In 1971 the Scottish Union of Mental Patients was founded. In 1973 some of those involved founded the Mental Patients’ Union in London.

Dorothy Weiner and about 10 others, including Tom Wittick, established the Insane Liberation Front in the spring of 1970 in Portland, Oregon. Though it only lasted six months, it had a notable influence in the history of North American ex-patients groups. News that former inmates of mental institutions were organising was carried to other parts of North America. Individuals such as Howard Geld, known as Howie the Harp for his harmonica playing, left Portland where he been involved in ILF to return to his native New York to help found the Mental Patients Liberation Project in 1971. During the early 1970s, groups spread to California, New York, and Boston, which were primarily antipsychiatry, opposed to forced treatment including forced drugging, shock treatment and involuntary committal. In 1972, the first organised group in Canada, the Mental Patients Association, started to publish In A Nutshell, while in the US the first edition of the first national publication by ex-mental patients, Madness Network News, was published in Oakland, continuing until 1986.

Some all-women groups developed around this time such as Women Against Psychiatric Assault, begun in 1975 in San Francisco.

In 1978 Judi Chamberlin’s book On Our Own: Patient Controlled Alternatives to the Mental Health System was published. It became the standard text of the psychiatric survivors movement, and in it Chamberlin coined the word “mentalism.”

The major spokespeople of the movement have been described in generalities as largely white, middle-class and well-educated. It has been suggested that other activists were often more anarchistic and anti-capitalist, felt more cut off from society and more like a minority with more in common with the poor, ethnic minorities, feminists, prisoners & gay rights than with the white middle classes. The leaders were sometimes considered to be merely reformist and, because of their “stratified position” within society, to be uncomprehending of the problems of the poor. The “radicals” saw no sense in seeking solutions within a capitalist system that creates mental problems. However, they were united in considering society and psychiatric domination to be the problem, rather than people designated mentally ill.

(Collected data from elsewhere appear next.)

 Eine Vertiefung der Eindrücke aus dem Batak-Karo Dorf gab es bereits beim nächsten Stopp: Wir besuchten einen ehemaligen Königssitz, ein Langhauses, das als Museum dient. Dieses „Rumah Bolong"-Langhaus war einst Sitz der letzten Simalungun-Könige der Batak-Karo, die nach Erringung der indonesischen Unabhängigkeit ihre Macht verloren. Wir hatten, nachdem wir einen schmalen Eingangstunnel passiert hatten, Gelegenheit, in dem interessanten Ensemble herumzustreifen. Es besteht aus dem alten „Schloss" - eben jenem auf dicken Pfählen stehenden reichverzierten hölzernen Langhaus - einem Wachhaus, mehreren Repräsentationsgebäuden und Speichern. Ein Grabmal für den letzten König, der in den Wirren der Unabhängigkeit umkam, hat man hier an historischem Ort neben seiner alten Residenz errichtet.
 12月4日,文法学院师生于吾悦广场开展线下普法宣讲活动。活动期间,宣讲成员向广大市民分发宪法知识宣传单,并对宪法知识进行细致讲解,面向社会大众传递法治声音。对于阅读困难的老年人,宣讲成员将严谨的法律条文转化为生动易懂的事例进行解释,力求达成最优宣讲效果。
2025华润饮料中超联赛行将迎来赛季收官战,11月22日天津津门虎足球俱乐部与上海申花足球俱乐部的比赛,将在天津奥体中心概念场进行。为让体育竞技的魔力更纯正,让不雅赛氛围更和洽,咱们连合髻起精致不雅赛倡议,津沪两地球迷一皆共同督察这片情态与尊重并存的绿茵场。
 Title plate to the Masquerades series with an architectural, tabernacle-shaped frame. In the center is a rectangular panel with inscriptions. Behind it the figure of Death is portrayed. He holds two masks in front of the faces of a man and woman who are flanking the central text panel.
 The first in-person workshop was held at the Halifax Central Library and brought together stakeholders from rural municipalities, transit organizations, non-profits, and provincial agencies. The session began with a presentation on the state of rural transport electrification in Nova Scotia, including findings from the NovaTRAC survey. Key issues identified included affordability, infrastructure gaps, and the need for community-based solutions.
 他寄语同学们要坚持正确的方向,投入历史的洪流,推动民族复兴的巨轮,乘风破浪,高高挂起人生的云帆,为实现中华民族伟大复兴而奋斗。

Some activists condemned psychiatry under any conditions, voluntary or involuntary, while others believed in the right of people to undergo psychiatric treatment on a voluntary basis. Voluntary psychotherapy, at the time mainly psychoanalysis, did not therefore come under the same severe attack as the somatic therapies. The ex-patients emphasized individual support from other patients; they espoused assertiveness, liberation, and equality; and they advocated user-controlled services as part of a totally voluntary continuum. However, although the movement espoused egalitarianism and opposed the concept of leadership, it is said to have developed a cadre of known, articulate, and literate men and women who did the writing, talking, organizing, and contacting. Very much the product of the rebellious, populist, anti-elitist mood of the 1960s, they strived above all for self-determination and self-reliance. In general, the work of some psychiatrists, as well as the lack of criticism by the psychiatric establishment, was interpreted as an abandonment of a moral commitment to do no harm. There was anger and resentment toward a profession that had the authority to label them as mentally disabled and was perceived as infantilising them and disregarding their wishes.

1980s and 1990s

By the 1980s, individuals who considered themselves “consumers” of mental health services rather than passive “patients” had begun to organise self-help/advocacy groups and peer-run services. While sharing some of the goals of the earlier movement, consumer groups did not seek to abolish the traditional mental health system, which they believed was necessary. Instead, they wanted to reform it and have more choice. Consumer groups encouraged their members to learn as much as possible about the mental health system so that they could gain access to the best services and treatments available. In 1985, the National Mental Health Consumers’ Association was formed in the United States.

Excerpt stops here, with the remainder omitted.